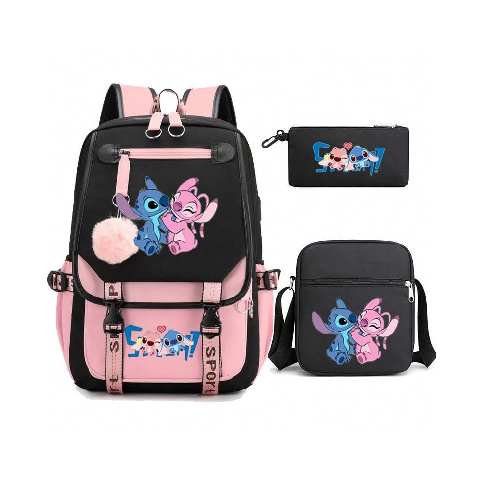 (Yellow) Loli Stitch Backpacks USB 3PCS Large Shoulder Bag Travel Backpack Patchwork Laptop Student School Bags Bagpack Mochila
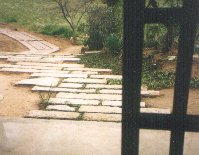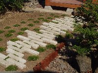 Moss" plants are cut into thirds and tucked between the pavers. In a year, the moss will tightly surround and fill in the path.
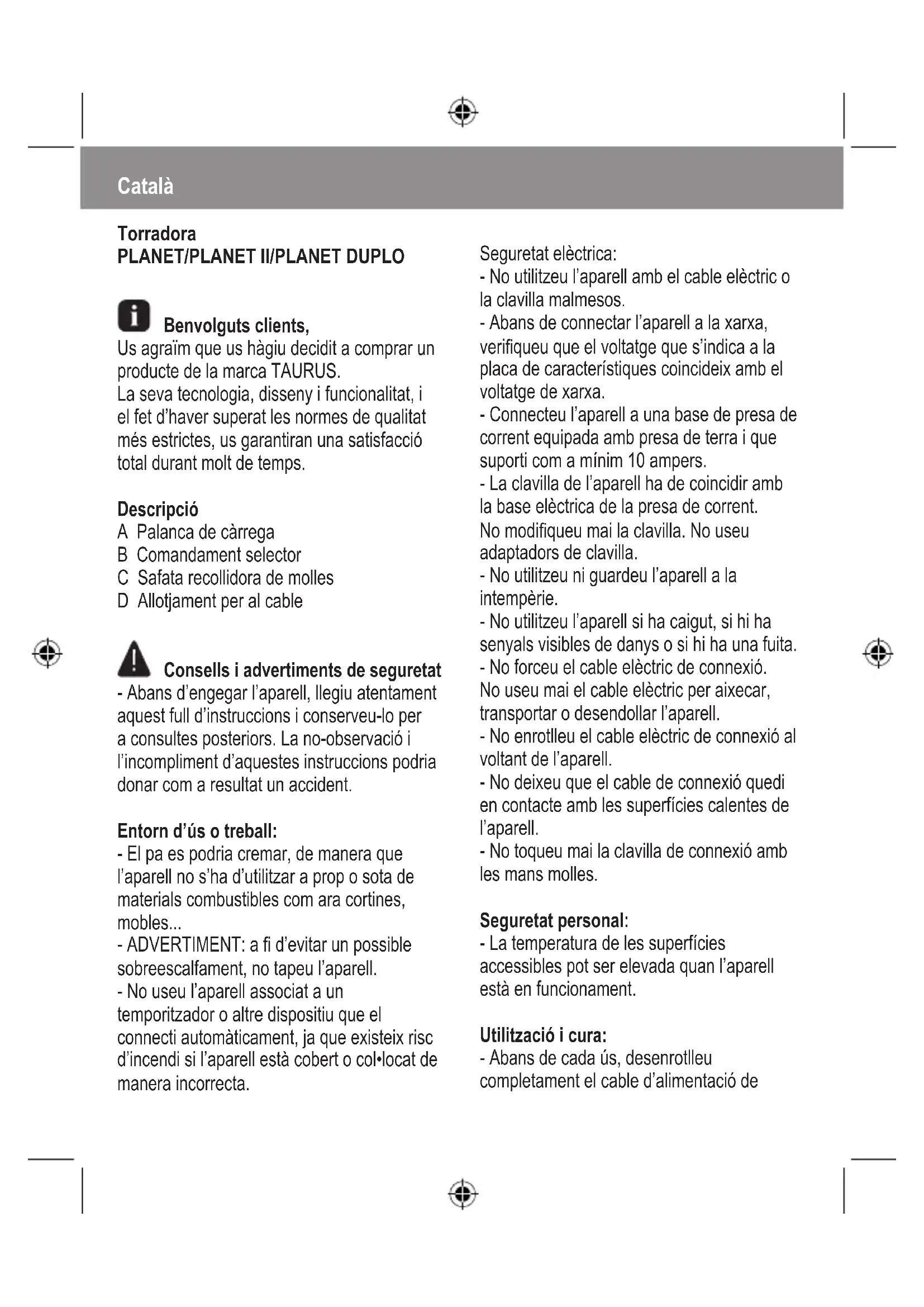 Benvolguts clients, Us agraïm que us hàgiu decidit a comprar un producte de la marca TAURUS. La seva tecnologia, disseny i funcionalitat, i el fet d’haver superat les normes de qualitat més estrictes, us garantiran una satisfacció total durant molt de temps. Descripció A Palanca de càrrega B Comandament selector C Safata recollidora de molles D Allotjament per al cable Consells i advertiments de seguretat - Abans d’engegar l’aparell, llegiu atentament aquest full d’instruccions i conserveu-lo per a consultes posteriors. La no-observació i l’incompliment d’aquestes instruccions podria donar com a resultat un accident. Entorn d’ús o treball: - El pa es podria cremar, de manera que l’aparell no s’ha d’utilitzar a prop o sota de materials combustibles com ara cortines, mobles... - ADVERTIMENT: a d’evitar un possible sobreescalfament, no tapeu l’aparell. - No useu l’aparell associat a un temporitzador o altre dispositiu que el connecti automàticament, ja que existeix risc d’incendi si l’aparell està cobert o col•locat de manera incorrecta. Seguretat elèctrica: - No utilitzeu l’aparell amb el cable elèctric o la clavilla malmesos. - Abans de connectar l’aparell a la xarxa, veriqueu que el voltatge que s’indica a la placa de característiques coincideix amb el voltatge de xarxa. - Connecteu l’aparell a una base de presa de corrent equipada amb presa de terra i que suporti com a mínim 10 ampers. - La clavilla de l’aparell ha de coincidir amb la base elèctrica de la presa de corrent. No modiqueu mai la clavilla. No useu adaptadors de clavilla. - No utilitzeu ni guardeu l’aparell a la intempèrie. - No utilitzeu l’aparell si ha caigut, si hi ha senyals visibles de danys o si hi ha una fuita. - No forceu el cable elèctric de connexió. No useu mai el cable elèctric per aixecar, transportar o desendollar l’aparell. - No enrotlleu el cable elèctric de connexió al voltant de l’aparell. - No deixeu que el cable de connexió quedi en contacte amb les superfícies calentes de l’aparell. - No toqueu mai la clavilla de connexió amb les mans molles. Seguretat personal: - La temperatura de les superfícies accessibles pot ser elevada quan l’aparell està en funcionament. Utilització i cura: - Abans de cada ús, desenrotlleu completament el cable d’alimentació del’aparell. - No useu l’aparell si el dispositiu d’engegada/ aturada no funciona. - No moveu o desplaceu l’aparell mentre estigui en funcionament. - No capgireu l’aparell mentre està en ús o connectat a la xarxa. - Desendolleu l’aparell de la xarxa quan no l’utilitzeu i abans de netejar-lo. - Aquest aparell està pensat exclusivament per a ús domèstic, no professional o industrial. - Aquest aparell no és una joguina. Els nens han d’estar sota vigilància per assegurar que no juguin amb l’aparell. - Aquest aparell està pensat perquè l’utilitzin persones adultes. No permeteu que l’utilitzin persones no familiaritzades amb aquest tipus de producte, persones discapacitades o nens. - Deseu aquest aparell fora de l’abast dels nens i/o persones discapacitades. - No deseu l’aparell si encara està calent. - Una utilització inadequada o en desacord amb les instruccions d’ús suposa un perill i anul•la la garantia i la responsabilitat del fabricant. Instruccions d’ús Notes prèvies a l’ús: - Abans d’usar el producte per primer cop, és aconsellable utilitzar-lo sense pa. Ús: - Connecteu l’aparell a la xarxa elèctrica. - Introduïu la llesca o llesques de pa a l’aparell. - Seleccioneu el grau de torrada mitjançant el comandament selector. - Engegueu l’aparell fent lliscar el comandament carregador cap avall ns a sentir un clic. - La llesca o les llesques de pa se centraran automàticament per obtenir una torrada uniforme. - Per minimitzar la generació d’acrilamida durant el procés de torrat, no deixeu que el pa es torni de color marró fosc o negre. - Un cop transcorregut el temps de torrada seleccionat, l’aparell s’aturarà automàticament. Funció Cancel•lar: - Al col•locar el selector de torrada en la posició de parada, s’atura el cicle automàticament i s’expulsa el pa. El procés de torrat pot interrompre’s en qualsevol moment, posant el selector en aquesta posició. Un cop nalitzat l’ús de l’aparell: - Desendolleu l’aparell de la xarxa elèctrica. - Recolliu el cable i situeu-lo a l’allotjament. - Netegeu l’aparell. Allotjament per al cable - Aquest aparell disposa d’un allotjament per al cable de connexió a la xarxa que es troba situat a la part inferior. Neteja - Desendolleu l’aparell de la xarxa i deixeu-lo refredar abans de dur a terme qualsevol operació de neteja.- Netegeu l’aparell amb un drap humit impregnat amb unes gotes de detergent i després eixugueu-lo. - Per netejar l’aparell, no utilitzeu dissolvents ni productes amb un factor pH àcid o bàsic, com el lleixiu, ni productes abrasius. - No submergiu l’aparell en aigua ni en cap altre líquid, ni el poseu sota l’aixeta. - Es recomana netejar l’aparell regularment i retirar-ne les restes d’aliments. Safata recollidora de molles - L’aparell disposa d’una safata que permet recollir les molles de pa que puguin quedar a l’interior de l’aparell. - Extraieu la safata de l’aparell - Aboqueu el contingut de la safata. - Espolseu lleugerament l’aparell per eliminar totes les molles que puguin quedar a l’interior. - Torneu a col•locar la safata a l’aparell. Anomalies i reparació - En cas d’avaria, porteu l’aparell a un servei d’assistència tècnica autoritzat. No intenteu desmuntar-lo o reparar-lo perquè podria ser perillós. - Si la connexió a la xarxa està malmesa, cal substituir-la i actuar com en cas d’avaria. Ecologia i reciclabilitat del producte - Els materials que componen l’embalatge d’aquest electrodomèstic estan integrats en un sistema de recollida, classicació i reciclatge. Si us

• Task prompt
The entire listing above, word for word and without pictures, is what should be output.

• Problem solution
 (Yellow) Loli Stitch Backpacks USB 3PCS Large Shoulder Bag Travel Backpack Patchwork Laptop Student School Bags Bagpack Mochila
 Moss" plants are cut into thirds and tucked between the pavers. In a year, the moss will tightly surround and fill in the path.
 Benvolguts clients, Us agraïm que us hàgiu decidit a comprar un producte de la marca TAURUS. La seva tecnologia, disseny i funcionalitat, i el fet d’haver superat les normes de qualitat més estrictes, us garantiran una satisfacció total durant molt de temps. Descripció A Palanca de càrrega B Comandament selector C Safata recollidora de molles D Allotjament per al cable Consells i advertiments de seguretat - Abans d’engegar l’aparell, llegiu atentament aquest full d’instruccions i conserveu-lo per a consultes posteriors. La no-observació i l’incompliment d’aquestes instruccions podria donar com a resultat un accident. Entorn d’ús o treball: - El pa es podria cremar, de manera que l’aparell no s’ha d’utilitzar a prop o sota de materials combustibles com ara cortines, mobles... - ADVERTIMENT: a d’evitar un possible sobreescalfament, no tapeu l’aparell. - No useu l’aparell associat a un temporitzador o altre dispositiu que el connecti automàticament, ja que existeix risc d’incendi si l’aparell està cobert o col•locat de manera incorrecta. Seguretat elèctrica: - No utilitzeu l’aparell amb el cable elèctric o la clavilla malmesos. - Abans de connectar l’aparell a la xarxa, veriqueu que el voltatge que s’indica a la placa de característiques coincideix amb el voltatge de xarxa. - Connecteu l’aparell a una base de presa de corrent equipada amb presa de terra i que suporti com a mínim 10 ampers. - La clavilla de l’aparell ha de coincidir amb la base elèctrica de la presa de corrent. No modiqueu mai la clavilla. No useu adaptadors de clavilla. - No utilitzeu ni guardeu l’aparell a la intempèrie. - No utilitzeu l’aparell si ha caigut, si hi ha senyals visibles de danys o si hi ha una fuita. - No forceu el cable elèctric de connexió. No useu mai el cable elèctric per aixecar, transportar o desendollar l’aparell. - No enrotlleu el cable elèctric de connexió al voltant de l’aparell. - No deixeu que el cable de connexió quedi en contacte amb les superfícies calentes de l’aparell. - No toqueu mai la clavilla de connexió amb les mans molles. Seguretat personal: - La temperatura de les superfícies accessibles pot ser elevada quan l’aparell està en funcionament. Utilització i cura: - Abans de cada ús, desenrotlleu completament el cable d’alimentació del’aparell. - No useu l’aparell si el dispositiu d’engegada/ aturada no funciona. - No moveu o desplaceu l’aparell mentre estigui en funcionament. - No capgireu l’aparell mentre està en ús o connectat a la xarxa. - Desendolleu l’aparell de la xarxa quan no l’utilitzeu i abans de netejar-lo. - Aquest aparell està pensat exclusivament per a ús domèstic, no professional o industrial. - Aquest aparell no és una joguina. Els nens han d’estar sota vigilància per assegurar que no juguin amb l’aparell. - Aquest aparell està pensat perquè l’utilitzin persones adultes. No permeteu que l’utilitzin persones no familiaritzades amb aquest tipus de producte, persones discapacitades o nens. - Deseu aquest aparell fora de l’abast dels nens i/o persones discapacitades. - No deseu l’aparell si encara està calent. - Una utilització inadequada o en desacord amb les instruccions d’ús suposa un perill i anul•la la garantia i la responsabilitat del fabricant. Instruccions d’ús Notes prèvies a l’ús: - Abans d’usar el producte per primer cop, és aconsellable utilitzar-lo sense pa. Ús: - Connecteu l’aparell a la xarxa elèctrica. - Introduïu la llesca o llesques de pa a l’aparell. - Seleccioneu el grau de torrada mitjançant el comandament selector. - Engegueu l’aparell fent lliscar el comandament carregador cap avall ns a sentir un clic. - La llesca o les llesques de pa se centraran automàticament per obtenir una torrada uniforme. - Per minimitzar la generació d’acrilamida durant el procés de torrat, no deixeu que el pa es torni de color marró fosc o negre. - Un cop transcorregut el temps de torrada seleccionat, l’aparell s’aturarà automàticament. Funció Cancel•lar: - Al col•locar el selector de torrada en la posició de parada, s’atura el cicle automàticament i s’expulsa el pa. El procés de torrat pot interrompre’s en qualsevol moment, posant el selector en aquesta posició. Un cop nalitzat l’ús de l’aparell: - Desendolleu l’aparell de la xarxa elèctrica. - Recolliu el cable i situeu-lo a l’allotjament. - Netegeu l’aparell. Allotjament per al cable - Aquest aparell disposa d’un allotjament per al cable de connexió a la xarxa que es troba situat a la part inferior. Neteja - Desendolleu l’aparell de la xarxa i deixeu-lo refredar abans de dur a terme qualsevol operació de neteja.- Netegeu l’aparell amb un drap humit impregnat amb unes gotes de detergent i després eixugueu-lo. - Per netejar l’aparell, no utilitzeu dissolvents ni productes amb un factor pH àcid o bàsic, com el lleixiu, ni productes abrasius. - No submergiu l’aparell en aigua ni en cap altre líquid, ni el poseu sota l’aixeta. - Es recomana netejar l’aparell regularment i retirar-ne les restes d’aliments. Safata recollidora de molles - L’aparell disposa d’una safata que permet recollir les molles de pa que puguin quedar a l’interior de l’aparell. - Extraieu la safata de l’aparell - Aboqueu el contingut de la safata. - Espolseu lleugerament l’aparell per eliminar totes les molles que puguin quedar a l’interior. - Torneu a col•locar la safata a l’aparell. Anomalies i reparació - En cas d’avaria, porteu l’aparell a un servei d’assistència tècnica autoritzat. No intenteu desmuntar-lo o reparar-lo perquè podria ser perillós. - Si la connexió a la xarxa està malmesa, cal substituir-la i actuar com en cas d’avaria. Ecologia i reciclabilitat del producte - Els materials que componen l’embalatge d’aquest electrodomèstic estan integrats en un sistema de recollida, classicació i reciclatge. Si us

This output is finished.